DENR: Baguio council can impose moratorium on tree cutting
BAGUIO CITY–The city government has the power to impose a moratorium on tree-cutting activities, especially when pine trees are displaced by building constructions, according to a Department of Environment and Natural Resources (DENR) official.
Ralph Pablo, DENR director in Cordillera, on Monday said an ordinance could suspend these activities for a year as Mayor Benjamin Magalong had proposed to Malacañang so he could undertake Baguio’s redevelopment.
Pablo was invited to the city council on Monday to shed light on tree cutting permits his office issued in June which drew flak from local officials and residents.

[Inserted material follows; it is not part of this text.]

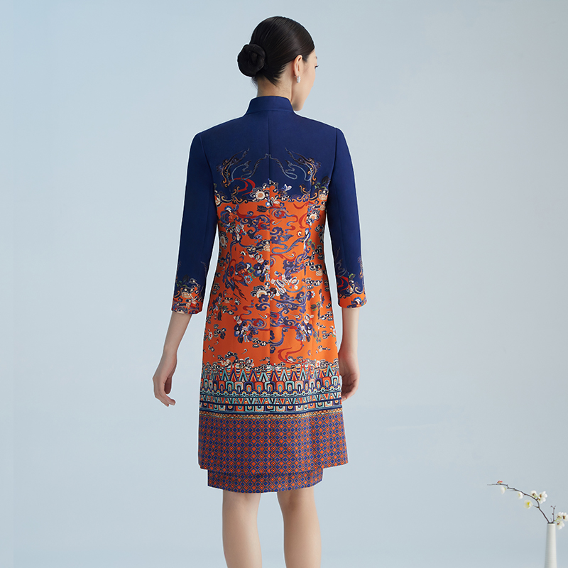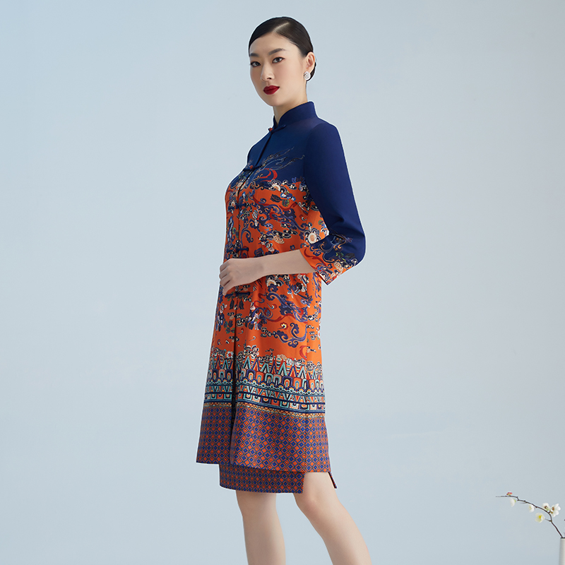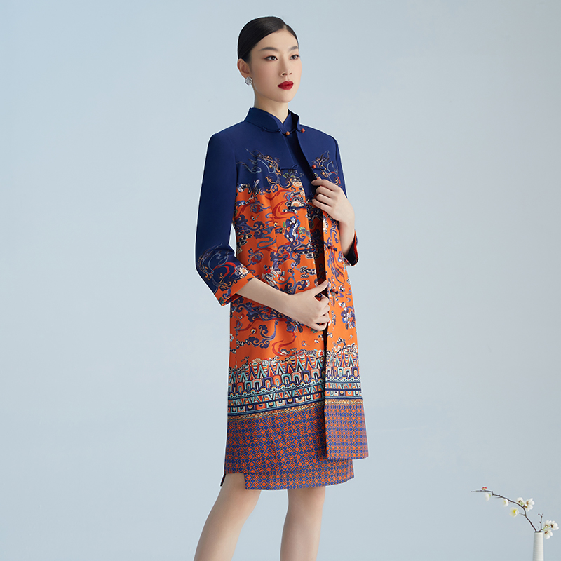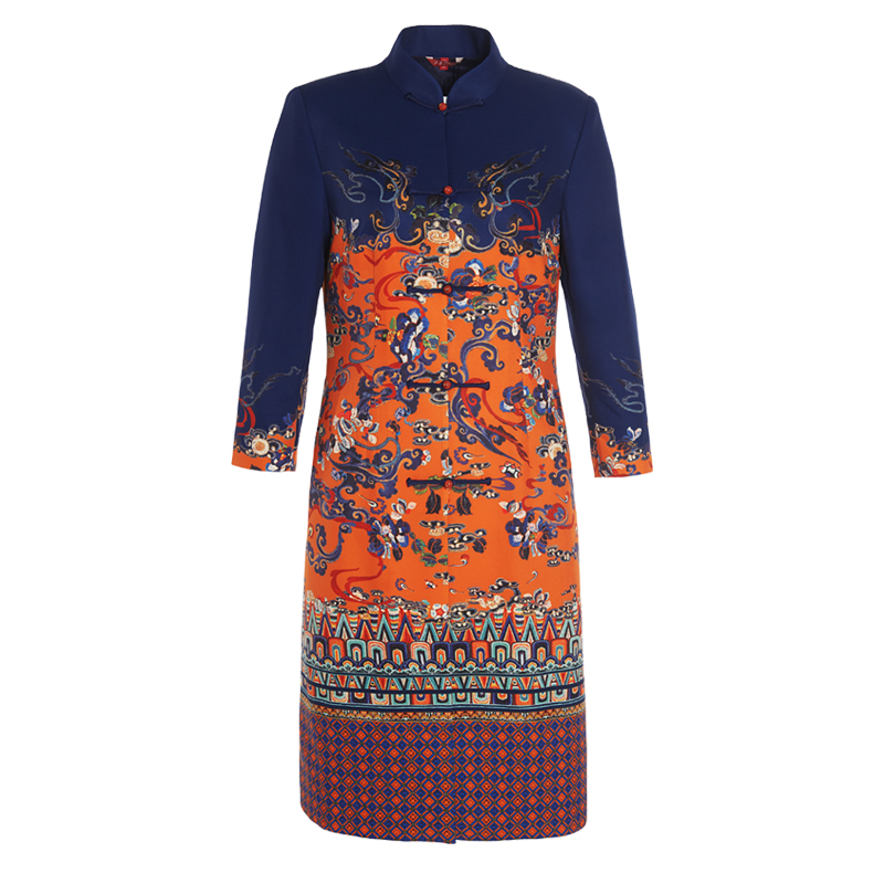 木真了改良唐装旗袍外搭女装新品复古祥云纹印花时尚风衣外套115
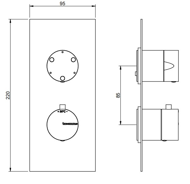 Встраиваемый термостат для 3 потребителей итальянской фабрики TREEMME.

He said some of the new permits were issued to private landowners whose projects were suspended by the Luzon lockdown.
But cutting trees, even within private lands, interferes with a regreening project which Baguio intends to pursue now that some quarantine restrictions have eased in a transition to a “new normal,” Magalong said.
Last year, he asked Malacañang to grant Baguio a one-year moratorium on tree cutting and building constructions. But the DENR suggested that the city itself may enact the moratorium through an ordinance which national agencies would heed, Pablo said.
The ordinance on the moratorium would allow the government to review its land use laws, given a pattern of development projects moving into residential zones where Baguio’s remaining forests are located, lawyer Rhenan Diwas, the city environment officer, told the council.
The moratorium would allow Magalong to study a provision in the Baguio environment code regarding safeguarded lands or areas with a significant environmental impact that the government must preserve, Diwas said.
“We cannot protect pine trees inside private properties unless the city exercises its power of eminent domain to buy back safeguarded properties,” Diwas said.
An inventory ordered by Environment Secretary Roy Cimatu last year placed the total number of trees in the summer capital at 2.5 million. Less than 500,000 of these trees are Benguet pine.
Diwas said the city’s forest and green cover had been reduced to about a quarter of Baguio’s 5,750-hectare territory due to urban expansion.
In June, a condominium developer was allowed to cut 30 of 54 trees standing in the way of its building project. The developer applied for the permit to cut trees in 2018 but was told to suspend further cutting until the council resolves the issue.
DENR granted another developer a permit to cut more than 70 trees in its project site, Pablo said.
The agency also allowed the Philippine Military Academy to cut 53 trees from a tree plantation raised by cadets so it could put up a parking building, he said.
Road projects undertaken by the Department of Public Works and Highways were also given the go-signal to clear obstructions, including trees, Pablo said.